La scuola può giocare un ruolo esperienziale nell’affrontare le differenze culturali?Assolutamente. Credo fermamente che la didattica esperienziale sia uno strumento potente per promuovere il dialogo e l’inclusione. Ho avuto la fortuna di insegnare sociologia e sociologia delle migrazioni, e ho osservato come gli studenti, pur essendo già aperti a confronto, possano trarre enormi benefici da laboratori e interventi che stimolano il pensiero critico e la consapevolezza sociale. Queste iniziative, parte integrante della terza missione dell’università, mirano a coinvolgere non solo la comunità accademica ma anche il pubblico esterno.

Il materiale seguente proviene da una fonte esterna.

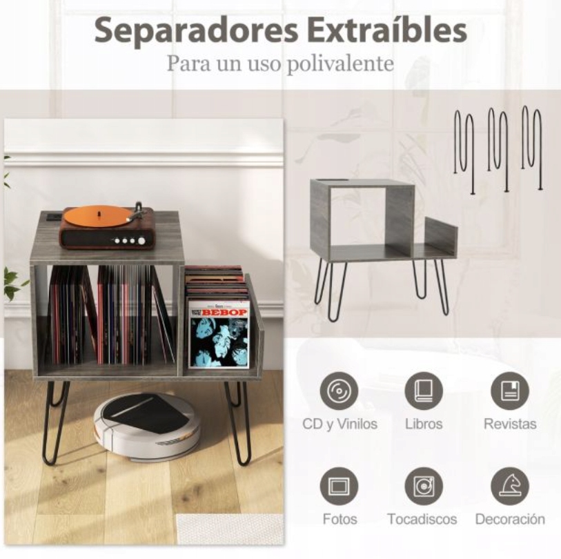 - Вініловий зберігання високої ємності: Стійка вертушки має відкриту камеру зі знімними перегородками, яка дозволяє адаптувати простір до колекції вінілу чи інших носія. Бічна полиця ідеально підходить для відображення улюблених тарілок або декоративних предметів.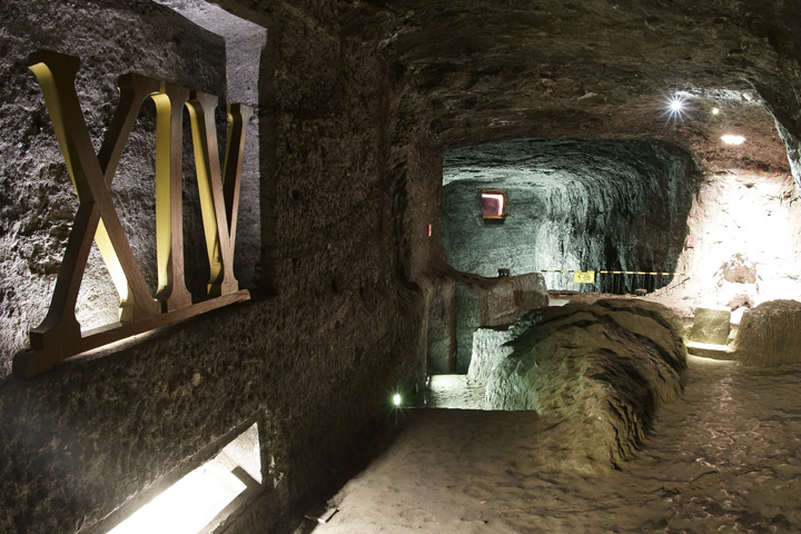 Las Rutas del minero o recorridos guiados, hacen que el turista recorra esta grandeza que se divide en tres tramos básicos: el primero lo constituye el vía crucis, con escenas bíblicas por medio de la Cruz, el segundo conformado por la cúpula desde donde se puede observar a 145 metros de distancia la cruz mayor de 16 metros de altura, ubicada en la nave central, de igual manera conforman el tramo intermedio la rampa de descenso a las cámaras, los balcones superiores y el atrio. Y en el tercer tramo se encuentra La Creación, hecha en alto relieve en mármol, y el pesebre.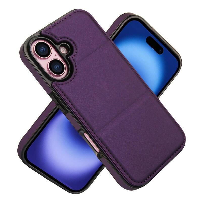 For iPhone 16 Tri-fold Holder Leather Phone Case with Card Slot(Dark Purple)

Ricordo in particolare la crisi dei rifugiati siriani del 2015: quando la Merkel aprì le porte della Germania, immagini strazianti – come quella del bimbo con la maglietta rossa – sottolinearono l’urgenza di non restare indifferenti di fronte alla sofferenza. Fu in quel periodo che l’Università di Pavia lanciò uno dei primi progetti per studenti rifugiati, offrendo non solo lezioni ma anche alloggi nei collegi. Questo modello, condiviso con altre università e che ha ispirato il manifesto per l’università inclusiva dell’UNHCR, ha contribuito a eliminare la distinzione tra “studente rifugiato” e “studente regolare”. In questo modo, l’accoglienza e la coesione sociale diventano realtà concrete, nate dall’incontro diretto e dalla collaborazione tra culture diverse.

Interessante, questi progetti pilota non hanno una valenza esclusivamente umanitaria, ma possono anche avere un impatto diplomatico, prevenendo conflitti futuri stabilizza un senso di umanità al vicinato, un legame profondo a livello di comunità. Possiamo definirlo così?

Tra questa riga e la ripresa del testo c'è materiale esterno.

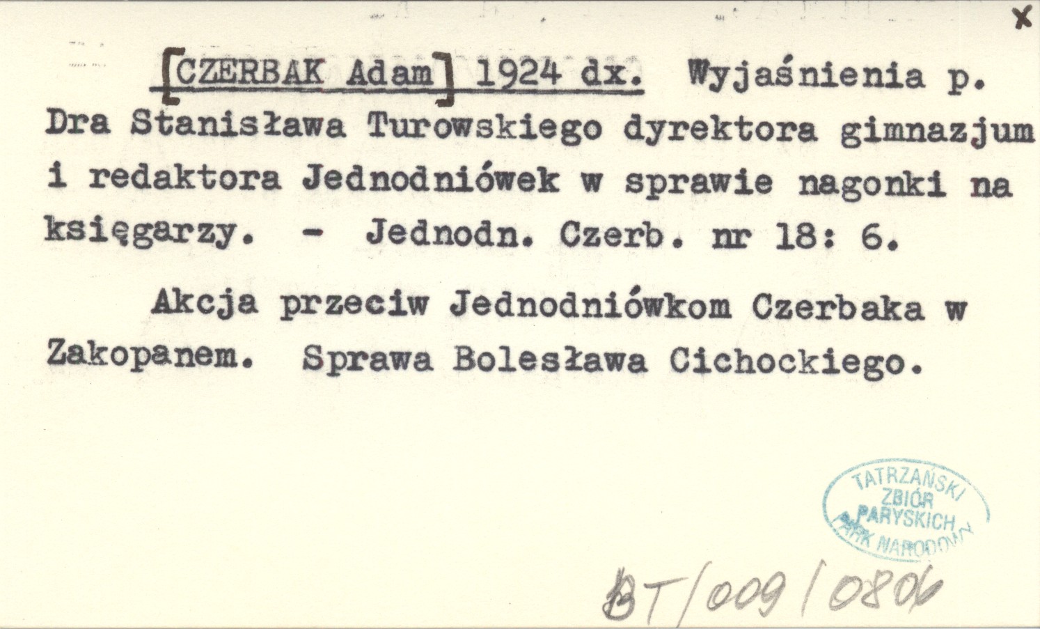 [CZERBAK Adam] 1924 dx Wyjaśnienia p. Dra Stanisława Turowskiego dyrektora gimnazjum i redaktora Jednodniówek w sprawie nagonki na księgarzy.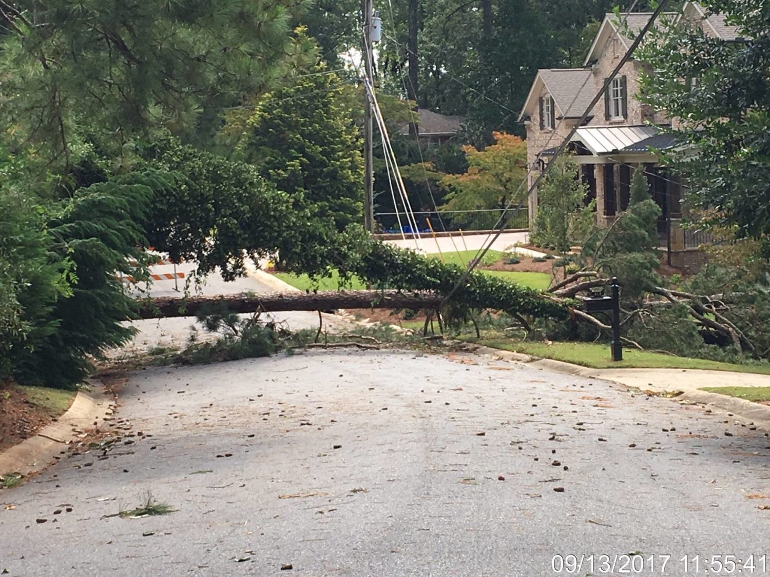 Then Irma finally arrived here as a tropical storm. Sandy Springs got its first call about a fallen tree at 6:30 a.m. on Sept. 11, McDonough said. By the storm’s end, about 45 roads had been closed by fallen trees or electric lines, and a local resident was killed when a tree fell on his house — one of three people the storm killed in Georgia.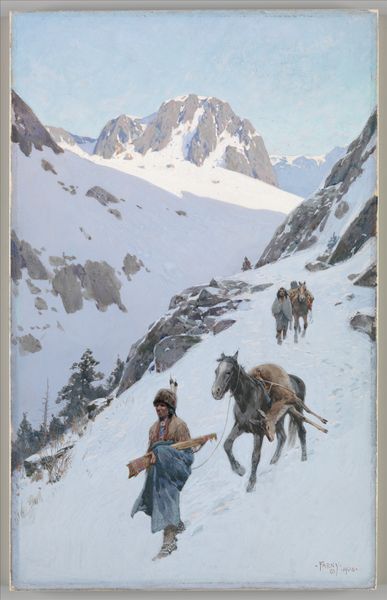 Curator: Here we have "In Hot Pursuit," an oil on canvas crafted by Charles Schreyvogel sometime between 1901 and 1910. It currently resides here at the Metropolitan Museum of Art. Editor: My initial feeling is urgency. There's an almost theatrical intensity conveyed through the charging horse and the figure’s poised weapon. Curator: Schreyvogel was known for his paintings of the American West. He was part of a wave of artists captivated by the romantic allure, but his work also participated in shaping popular understanding of this era. The chase scene evokes the conflict narrative that dominates a lot of Western art from that period. Editor: I'm drawn to the symbolism of the horse itself. Across cultures, horses often represent power, freedom, and even a connection to the wild. This one seems to be an extension of the rider’s intent, embodying his forceful will. Notice the energy emanating from its taut muscles and flaring nostrils. Curator: Absolutely. And it's worth noting that Schreyvogel, though lauded in his time, has faced scrutiny. His depictions of Native Americans have been criticized for perpetuating stereotypes and biased perspectives on historical events. "In Hot Pursuit" presents the chase, but whose land is being fought over? Editor: It’s interesting how the snowy landscape contributes to this drama. White, in many traditions, signifies purity or a blank slate, yet here it's disrupted by the frantic pursuit. It almost serves as a stark backdrop to highlight the loss of innocence or the potential for violence. Look, even a smaller contingent of riders is visible in the distance. Curator: The artistic licensing to reconstruct events comes under fire when considering these images helped inform and solidify ideologies, often at the expense of the people depicted. The staging of events, what details are prioritized versus omitted all lend themselves to further mythologizing of this era. Editor: Examining art like this allows us to face our past more openly. We confront not only the thrilling adventure narrative but also the uncomfortable questions it raises about cultural biases and the lasting impact of visual symbols. Curator: Precisely, acknowledging the complexities is crucial when reevaluating artworks like “In Hot Pursuit” within a modern framework. Editor: Ultimately, art serves as a lens through which we understand our historical trajectory and reflect upon our societal narratives.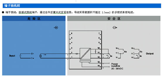 本隔離式安全柵需要獨(dú)立供電,供電電源-輸入回路- 輸出回路之間電磁隔離。 危險(xiǎn)現(xiàn)場(chǎng)的各種本安設(shè)備的直流信號(hào)輸入。 ● 標(biāo)準(zhǔn)模擬信號(hào)電隔離。 ● 可選擇4~20mA或1~5V信號(hào)輸出,或其他所需 的直流信號(hào)。 ● 模塊化表芯設(shè)計(jì),無(wú)需零點(diǎn)和滿度調(diào)節(jié)。 ● 帶有工作電源指示燈。 ● 單通道,一入一出,本安輸入回路[Exia]IIC,輸入 回路過(guò)流保護(hù)。 ● 即插即拔式接線端子,DIN導(dǎo)軌卡式安裝。 |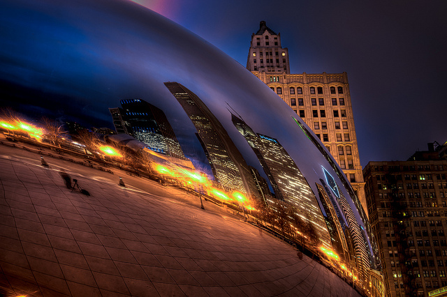 Cloud Gate, la nuit (crédit : Dave Wilson / Flickr, licence cc)
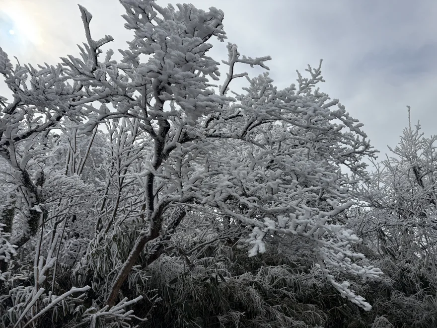 远远望去,两岸的树木已褪去寻常模样,枝桠间缀满洁白晶莹的霜花,那便是雾凇——非雪非冰,是水汽在低温中凝华的自然奇景,松针、柳条、灌木,都被这天地匠心细细雕琢,裹上一层蓬松剔透的冰晶羽衣。

Sì, esattamente. Questi progetti vanno ben oltre l’aspetto umanitario: fungono da veri e propri strumenti diplomatici. Creano un tessuto sociale solido che, prevenendo potenziali conflitti, stabilizza il vicinato e rafforza il senso di comunità. Mi piace molto l’idea di “stabilizzare un’umanità vicina” perché implica la costruzione di ponti tra le persone, basati sul dialogo e sulla solidarietà.

E per quanto riguarda il dialogo interreligioso: credi che possa avere un ruolo ancora più incisivo in questi tempi, contribuendo a unire le comunità?

Il dialogo interreligioso è senza dubbio fondamentale e fa parte del potere dell’incontro. Tuttavia, affinché possa operare con maggiore forza, è necessario creare occasioni concrete di confronto. Ho partecipato a eventi in cui, grazie a un’organizzazione attenta – come quella che ha coinvolto rabbini, imam e vescovi – si sono create le condizioni per un vero dialogo, dove la ragione e una fede autentica hanno potuto emergere. Purtroppo, in questi tempi difficili, la religione viene spesso strumentalizzata, e il dialogo rischia di perdere il suo significato unificante. È quindi essenziale far passare la luce della buona volontà e della ragione, affinché il dialogo interreligioso diventi un catalizzatore di inclusione e di pace, andando a colmare le divisioni e rafforzando il senso di comunità.

Quali consigli pratici daresti ai seriatesi per promuovere una cultura di apertura e dialogo autentico?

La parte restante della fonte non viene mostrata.